There are race-based, ethnic separatist organizations out there, such as La Raza “The Race,” that thrive so long as people focus on their racial and/or ethnic identity. Their power is related to the size of the race-based group they claim to represent. So they try to divide us, they try to bring in more people of their group as immigrants, and they try to keep them from becoming Americans. The agenda of these organizations is contrary to the word “United” in the name of our nation.

Michael Lind’s book, The Next American Nation, was published in 1994. In that book he pleaded,

Four centuries of racial labeling are enough. Let the U.S. Census of 2000 A.D. be the first in American history that does not ask citizens to identify themselves by the quasi-fictive categories of race.

— (The Next American Nation p. 306).

The Census Bureau has not headed his words. Not only was the question present on the 2000 Census, but it will be on the 2010 Census:

They’ve changed the question slightly. Now they are asking, “What race are you.”
My friend’s great grandparents were from China and settled in Hawaii. She has lived her entire life in Oregon, has never been to China, and doesn’t speak Chinese. Is she supposed to check “Chinese”? The question doesn’t ask, “what race were your ancestors?” It asks you what race you are.

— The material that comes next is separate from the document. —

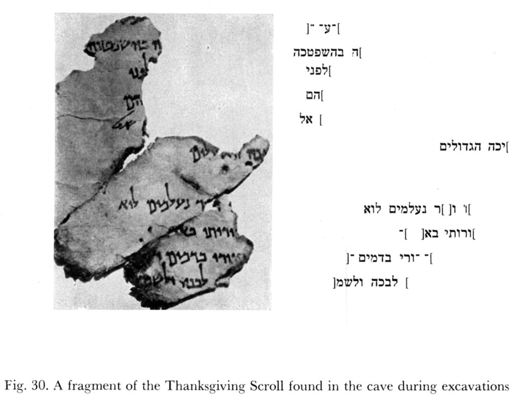 “65. Even the two fragments of the Thanksgiving Scroll do not contain sufficient text to make a conclusive paleographic analysis of the connection between them and larger parts of the scroll. One must also allow for the possibility that the same scribe could have written parts of two scrolls which ended up in two different caves. On the other hand, as Sukenik points out, two scribes wrote the scroll. The second scribe began on line 22 of column 11. (See Sukenik, The Dead Sea Scrolls of the Hebrew University, pp. 18, 38-40 and figures 29 and 30)”

People who are themselves from, or whose ancestors were from, the Philippines, Vietnam, China, Japan and some other nations each get their own boxes to check. My ancestors were from Romania and the Ukraine. Why am I just “White”? It sounds too much like, “You all look the same to me.”

There were questions on the year 2000 Census long form such as:

-What is your ancestry or ethnic origin? (question 10)
-Where were you born? (question 12)

These questions could fit inside the large space allotted to the race question on the 2010 Census form, and replace the question. They ask what your ancestors were, or what your origin was, but they allow you to be an American now. And those questions yield a lot of the information required to make an inference about race.

If the government really needs to ask specifically about race, the question could be moved to the 2010 long form, which is now part of the “American Community Survey,” a separate, smaller census program that produces highly reliable data. The government should be a force promoting national unity. Instead it promotes disunity by asking every single American to categorize him or herself by race. And the race question is the one that gets the largest geographic area on the entire census form!1

In answer to the question, “what race are you,” I would choose “Some other race,” and write in “American.” My friend from Oregon, who is less concerned about immigration than I am, but would enforce the law by truly penalizing employers, would answer, “Some other race,” and write in “Human.” Either one of these is better than what the census is looking for. People can make a point of choosing to write in either “American” or “Human” in answer to the race question on the 2010 Census.

CHARLES BREITERMAN is an attorney and writer/researcher for NumbersUSA

1The question that gets the second largest amount of space is asking whether you are of Hispanic origin. But that question could certainly be covered with a more general, “what is your ancestry or ethnic origin?” Together, the race and Hispanic questions take up 30% of the space allotted to the 10 questions on the form, according to measurements with a ruler of the form on a computer screen.